*Activity*. Return the full set of records, matching them character for character.

*Material for this task*.
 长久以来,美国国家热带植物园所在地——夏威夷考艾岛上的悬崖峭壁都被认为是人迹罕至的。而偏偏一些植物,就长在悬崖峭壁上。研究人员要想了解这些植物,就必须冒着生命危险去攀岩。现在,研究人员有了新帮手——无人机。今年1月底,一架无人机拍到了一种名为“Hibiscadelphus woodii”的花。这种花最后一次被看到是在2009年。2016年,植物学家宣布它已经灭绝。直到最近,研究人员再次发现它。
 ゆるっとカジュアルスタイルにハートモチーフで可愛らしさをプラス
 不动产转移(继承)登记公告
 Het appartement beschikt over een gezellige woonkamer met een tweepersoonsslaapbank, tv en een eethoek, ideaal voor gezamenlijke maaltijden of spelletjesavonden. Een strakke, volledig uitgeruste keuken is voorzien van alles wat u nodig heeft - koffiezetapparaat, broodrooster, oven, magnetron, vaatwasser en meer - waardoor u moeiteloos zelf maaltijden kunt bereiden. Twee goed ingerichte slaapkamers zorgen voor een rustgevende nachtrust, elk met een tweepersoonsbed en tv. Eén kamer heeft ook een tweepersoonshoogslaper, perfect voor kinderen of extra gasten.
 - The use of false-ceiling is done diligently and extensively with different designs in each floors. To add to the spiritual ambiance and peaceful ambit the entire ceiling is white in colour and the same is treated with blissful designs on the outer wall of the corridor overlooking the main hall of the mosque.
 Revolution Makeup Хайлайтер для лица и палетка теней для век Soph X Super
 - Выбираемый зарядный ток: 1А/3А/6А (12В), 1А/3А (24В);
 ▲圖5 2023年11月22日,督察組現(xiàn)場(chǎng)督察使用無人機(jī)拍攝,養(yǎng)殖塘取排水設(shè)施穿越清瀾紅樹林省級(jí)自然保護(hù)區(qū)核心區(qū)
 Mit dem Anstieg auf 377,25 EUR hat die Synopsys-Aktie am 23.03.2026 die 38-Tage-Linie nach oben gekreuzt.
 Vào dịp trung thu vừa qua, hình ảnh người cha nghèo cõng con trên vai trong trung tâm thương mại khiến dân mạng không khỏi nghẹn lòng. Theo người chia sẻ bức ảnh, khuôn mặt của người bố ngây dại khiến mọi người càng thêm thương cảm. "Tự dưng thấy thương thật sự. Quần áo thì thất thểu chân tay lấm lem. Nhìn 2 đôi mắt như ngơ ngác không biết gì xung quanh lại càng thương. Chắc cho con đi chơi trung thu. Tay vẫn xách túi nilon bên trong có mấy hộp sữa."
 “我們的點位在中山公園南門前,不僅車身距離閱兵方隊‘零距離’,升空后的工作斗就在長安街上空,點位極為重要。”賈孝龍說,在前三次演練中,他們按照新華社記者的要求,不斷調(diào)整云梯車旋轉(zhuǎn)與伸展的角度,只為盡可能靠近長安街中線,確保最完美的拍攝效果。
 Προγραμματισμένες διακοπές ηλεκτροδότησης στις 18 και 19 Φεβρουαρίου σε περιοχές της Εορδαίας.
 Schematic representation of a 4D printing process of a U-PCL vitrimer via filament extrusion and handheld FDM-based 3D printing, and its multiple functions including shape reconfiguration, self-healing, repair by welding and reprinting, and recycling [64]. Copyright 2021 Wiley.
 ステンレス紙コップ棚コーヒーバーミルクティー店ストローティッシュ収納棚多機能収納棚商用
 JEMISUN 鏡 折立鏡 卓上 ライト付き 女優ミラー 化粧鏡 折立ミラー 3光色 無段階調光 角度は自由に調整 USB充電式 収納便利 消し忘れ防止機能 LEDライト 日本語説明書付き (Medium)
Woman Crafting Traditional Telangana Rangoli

*Response to the task*.
 长久以来,美国国家热带植物园所在地——夏威夷考艾岛上的悬崖峭壁都被认为是人迹罕至的。而偏偏一些植物,就长在悬崖峭壁上。研究人员要想了解这些植物,就必须冒着生命危险去攀岩。现在,研究人员有了新帮手——无人机。今年1月底,一架无人机拍到了一种名为“Hibiscadelphus woodii”的花。这种花最后一次被看到是在2009年。2016年,植物学家宣布它已经灭绝。直到最近,研究人员再次发现它。
 ゆるっとカジュアルスタイルにハートモチーフで可愛らしさをプラス
 不动产转移(继承)登记公告
 Het appartement beschikt over een gezellige woonkamer met een tweepersoonsslaapbank, tv en een eethoek, ideaal voor gezamenlijke maaltijden of spelletjesavonden. Een strakke, volledig uitgeruste keuken is voorzien van alles wat u nodig heeft - koffiezetapparaat, broodrooster, oven, magnetron, vaatwasser en meer - waardoor u moeiteloos zelf maaltijden kunt bereiden. Twee goed ingerichte slaapkamers zorgen voor een rustgevende nachtrust, elk met een tweepersoonsbed en tv. Eén kamer heeft ook een tweepersoonshoogslaper, perfect voor kinderen of extra gasten.
 - The use of false-ceiling is done diligently and extensively with different designs in each floors. To add to the spiritual ambiance and peaceful ambit the entire ceiling is white in colour and the same is treated with blissful designs on the outer wall of the corridor overlooking the main hall of the mosque.
 Revolution Makeup Хайлайтер для лица и палетка теней для век Soph X Super
 - Выбираемый зарядный ток: 1А/3А/6А (12В), 1А/3А (24В);
 ▲圖5 2023年11月22日,督察組現(xiàn)場(chǎng)督察使用無人機(jī)拍攝,養(yǎng)殖塘取排水設(shè)施穿越清瀾紅樹林省級(jí)自然保護(hù)區(qū)核心區(qū)
 Mit dem Anstieg auf 377,25 EUR hat die Synopsys-Aktie am 23.03.2026 die 38-Tage-Linie nach oben gekreuzt.
 Vào dịp trung thu vừa qua, hình ảnh người cha nghèo cõng con trên vai trong trung tâm thương mại khiến dân mạng không khỏi nghẹn lòng. Theo người chia sẻ bức ảnh, khuôn mặt của người bố ngây dại khiến mọi người càng thêm thương cảm. "Tự dưng thấy thương thật sự. Quần áo thì thất thểu chân tay lấm lem. Nhìn 2 đôi mắt như ngơ ngác không biết gì xung quanh lại càng thương. Chắc cho con đi chơi trung thu. Tay vẫn xách túi nilon bên trong có mấy hộp sữa."
 “我們的點位在中山公園南門前,不僅車身距離閱兵方隊‘零距離’,升空后的工作斗就在長安街上空,點位極為重要。”賈孝龍說,在前三次演練中,他們按照新華社記者的要求,不斷調(diào)整云梯車旋轉(zhuǎn)與伸展的角度,只為盡可能靠近長安街中線,確保最完美的拍攝效果。
 Προγραμματισμένες διακοπές ηλεκτροδότησης στις 18 και 19 Φεβρουαρίου σε περιοχές της Εορδαίας.
 Schematic representation of a 4D printing process of a U-PCL vitrimer via filament extrusion and handheld FDM-based 3D printing, and its multiple functions including shape reconfiguration, self-healing, repair by welding and reprinting, and recycling [64]. Copyright 2021 Wiley.
 ステンレス紙コップ棚コーヒーバーミルクティー店ストローティッシュ収納棚多機能収納棚商用
 JEMISUN 鏡 折立鏡 卓上 ライト付き 女優ミラー 化粧鏡 折立ミラー 3光色 無段階調光 角度は自由に調整 USB充電式 収納便利 消し忘れ防止機能 LEDライト 日本語説明書付き (Medium)
Woman Crafting Traditional Telangana Rangoli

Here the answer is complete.